Tarek Leitner le daba paso, y el pobre hombre aquel sudaba tinta china tratando de explicar lo inexplicable. Y como los nervios te dan por hablar, el angelico empezaba a decir esas cosas que, en la misma situación, se le hubieran ocurrido a cualquiera sin ser corresponsal en Guasinton. Todo nivel cuñao.
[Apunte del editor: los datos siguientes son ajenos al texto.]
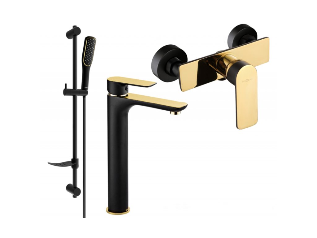 Sprchová súprava Mexen Alfa DF49, čierna/zlatá - 745714DF49-75
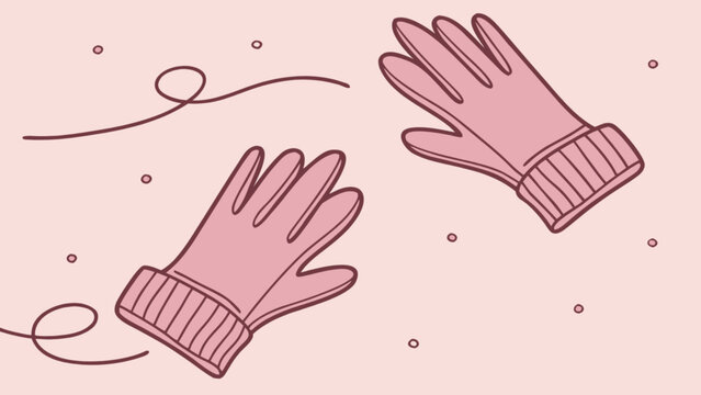 Illustration of a pair of pink gloves with ribbed cuffs floating on a pink background with dots and swirls
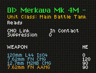 Update: Now one immobilized Merkava IS firing, least at close range (400 meters in this case). Funny 'cuz the unit info gives both CMG and AAMG the same range (2400 meters IIRC). [Edit: Then it stopped firing again, dunno why--hasn't taken any more casualties]. Also, looking at a previous save there was one tank that fired once (it was down to 89 firing opportunities out of 90). Weird, no?
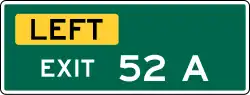 An example of a green exit number plaque for a left exit with a yellow "left" panel
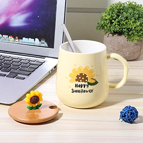 BYARSS Tazza in Ceramica, Tazza con Coperchio Ceramica,420 ml Bella Tazza in Ceramica con Cucchiaio e Coperchio Tazza da caffè per Acqua e Latte per Regalo di Bicchieri(Yellow HappySunflower,420ml,)
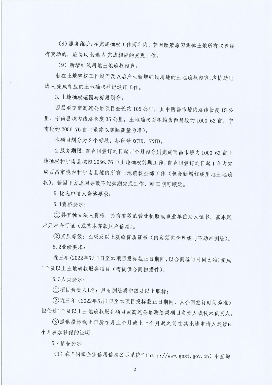 西昌至宁南高速公路项目西昌市境内土地确权技术服务XCTD标段、宁南县境内土地确权技术服务NNTD标段比选公告.pdf
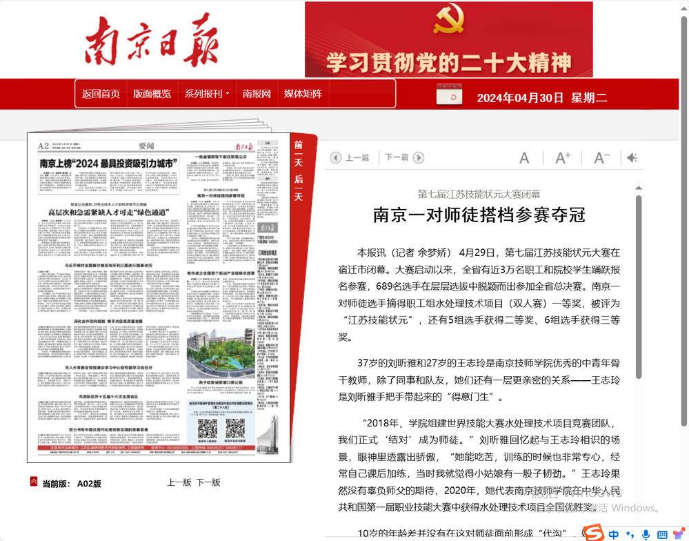 《南京日报》A2版——MK在线(中国)唯一官方网站一对师徒选手摘得第七届江苏技能状元大赛职工组水处理技术项目(双人赛)一等奖
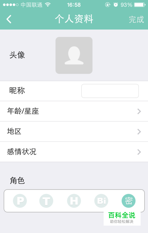 3、授权成功后,填写个人资料并上传头像,然后填写昵称、年龄/星座、地区、感情状况并选择角色,点击完成。

O sea, eso de que « quien siembra vientos recoge tempestades » y que « esto se veía venir » y que si tal y que si cual.

En casa dudábamos entre la compasión y la risa.

Y mientras tanto, el tipo con los cuernos y la cara pintada de azul mancillando con sus patazas esos mármoles que alguna vez pisó el buenazo de Abraham Lincoln.

An eating room´s picture.

O sea: un cuadro de comedor.

OLÉ TORERO

Cuando el pobre corresponsal nuevo se enrollaba, con la voz cada vez más fina, con la voz cada vez más bajita, pidiendo por piedad que cesara aquel suplicio de tener que llenar un océano de silencio (el océano que hay entre la costa europea y la costa este americana) Tarek Leitner le cortaba :

-Pero, esto ¿Cómo ha podido pasar ? ¿Qué hace la policía?

Y el otro hacía glups y seguía sudando.

Hasta ayer, uno había tenido a Tarek Leitner por una especie de imitación en blandito del ídolo sobre los ídolos, de mi Armin Wolf. Ese espejo de periodistas, ese repreguntador incansable, ese hombre que tiene un ordenador en la cabeza y en la lengua una daga incisiva y puntiaguda. Pero ayer Tarek Leitner hizo que yo, en la intimidad de mi salón exclamara ufano :

– !Ole, torero !

EN CLAVE LOCAL

Ese hombre improvisando lo que el corresponsal tendría que haber dicho (aunque yo, « personalmenete » pienso que el corresponsal, pobretico, poco podía haber añadido a lo que estaba echando la CNN, que eran imagenes que valían más que mil palabras).

En cualquier caso, aparte de la transformación de los cuñados que explicaba más arriba, también se ha notado cómo el ser humano (y más el ser humano político) siempre tiende a hacer suya la noticia, en general deformándola y metiéndola con calzador en la política nacional.

En Cuñados Sin Fronteras, al lado de la ventanilla para expertos en política estadounidense eméritos, han abierto una ventanilla con un cartel : « comparanding que es gerundio ». Cuántos, pero cuántos han hecho hoy su agosto « en redes sociales » utilizando la excusa de los energúmenos americanos para poner a caldo a gente que estaba tranquilamente en su casa, generalmente aún con la boca hecha un hangar para moscas.

Austria no ha sido una excepción. Las sucursales de la IA (Internacional Cuñadista) en Austria han recordado incluso la reacción (multitudinaria) de repulsa que se produjo durante la investidura del primer Gobierno del FPÖ (entonces bajo Haider) y el Partido Popular austriaco (entonces bajo el canciller Schüssel). Incluso, algunos descerebrados han compartido en las redes sociales fantasías animadas de ayer (sobre todo de ayer) y hoy, en las cuales “el pueblo” asaltaba el Parlamento austriaco y tal y tal.

Un abogado ha recordado, también en las redes, que lo de ayer en Guasinton, en Austria cuesta entre uno y diez años de cárcel.